Ai2 introduces advanced language models designed to compete with Meta’s Llama, offering new options in AI technology
A novel AI model family has emerged, one of the few that can be replicated from the ground up.
Ai2, the nonprofit AI research organization established by the late Paul Allen, released OLMo 2, the second family of models in its OLMo series, on Tuesday. (OLMo is an acronym for “Open Language Model.”)
Although there is an abundance of “open” language models to select from (e.g., Meta’s Llama), OLMo 2 adheres to the Open Source Initiative’s definition of open source AI, which implies that the tools and data utilized in its development are publicly accessible.
In October, the Open Source Initiative, a long-standing organization that is dedicated to the definition and “stewardship” of all things open source, completed its definition of open source AI. However, the initial OLMo models, which were introduced in February, also satisfied the criteria.
“OLMo 2 [was] developed start-to-finish with open and accessible training data, open-source training code, reproducible training recipes, transparent evaluations, intermediate checkpoints, and more,” AI2 wrote in a blog post. “We hope to provide the open-source community with the resources needed to discover new and innovative approaches by openly sharing our data, recipes, and findings.”
The OLMo 2 family consist of two models: one with 7 billion parameters (OLMo 7B) and one with 13 billion parameters (OLMo 13B).
Models with a greater number of parameters typically outperform those with fewer parameters, as parameters are essentially equivalent to the problem-solving abilities of the model.
OLMo 2 7B and 13B, like most language models, can execute various text-based tasks, including query answering, document summarization, and code writing.

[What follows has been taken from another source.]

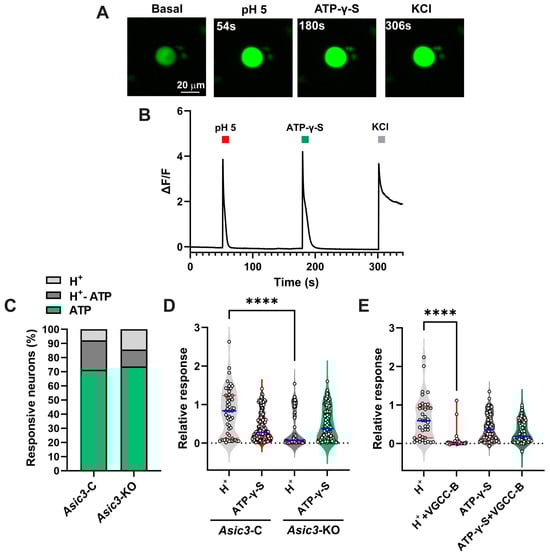 ASICs are functionally coupled to voltage-gated Ca2+ channels in sensory neurons. Dorsal root ganglia (DRG) were isolated from control (GCaMP5G+/−; Avil-Cre+/−) and conditional Asic3-KO (Asic3fl/fl;GCaMP5G+/−; Avil-Cre+/−) mice expressing GCaMP5G in sensory neurons. Ca2+ transients were examined in cultured sensory neurons 24–72 h after isolation. (A), Representative images showing proton and ATP-γ-S evoked Ca2+ transients in sensory neurons from control mice. (B), Representative tracing showing the change in fluorescence (ΔF/F) overtime for a sensory neuron from a control mouse. Sensory neurons were exposed to an extracellular acidic solution (red line), ATP-γ-S (green line) and lastly to a high K+ (KCl) solution (gray line) (see Section 4 Materials and Methods). (C), Percentage of sensory neurons that respond to extracellular acidification, ATP-γ-S, or both (n = 192–210). (D), Asic3 is required for proton-evoked [Ca2+]i transients in sensory neurons. Data, normalized to the Ca2+ transient evoked by KCl, are shown as the mean ± SEM (n = 55–178). Data were analyzed using Kruskal–Wallis test followed by Dunn’s multiple comparison test and a significant difference is indicated with a quadruple asterisks (p ≤ 0.0001). (E), Proton-evoked Ca2+ transients are mediated by voltage-gated Ca2+ channels (VGCCs) in sensory neurons. Neurons were exposed to an acidic solution or a solution containing ATP-γ-S (10 μM) in the absence or presence of VGCC blockers (VGCC-B; ω-conotoxin MVIIC, 100 nM; mibefradil, 10 μM; nifedipine, 10 μM). Data, normalized to the Ca2+ transient evoked by KCl, are shown as the mean ± SEM (n = 39–91). Data were analyzed using Kruskal–Wallis test followed by Dunn’s multiple comparison test and a significant difference is indicated with a quadruple asterisk (p ≤ 0.0001).

Ai2 employed a data set of 5 trillion tokens to train the models. Tokens represent bits of unprocessed data; approximately 750,000 words are equivalent to 1 million tokens.
The training set comprised academic papers, math workbooks (both synthetic and human-generated), question-and-answer discussion forums, and websites that were “filtered for high quality.”
Ai2 asserts that the outcome is the development of models that are competitive in terms of performance, using open models such as Meta’s Llama 3.1 release.
“Not only do we observe a dramatic improvement in performance across all tasks compared to our earlier OLMo model but, notably, OLMo 2 7B outperforms LLama 3.1 8B,” Ai2 writes. “OLMo 2 [represents] the best fully-open language models to date.”
The OLMo 2 models and all of their components are available for download on Ai2’s website. They are subject to the Apache 2.0 license, which permits their commercial use.
Recently, there has been some controversy regarding the safety of open models, as Llama models are purportedly being employed by Chinese researchers to create defense tools.
Dirk Groeneveld, an engineer at Ai2, informed me in February that he was not concerned about the exploitation of OLMo, as he is of the opinion that the advantages ultimately outweigh the disadvantages.
“Yes, it’s possible open models may be used inappropriately or for unintended purposes,” he said. “[However, this] approach also promotes technical advancements that lead to more ethical models; is a prerequisite for verification and reproducibility, as these can only be achieved with access to the full stack; and reduces a growing concentration of power, creating more equitable access.”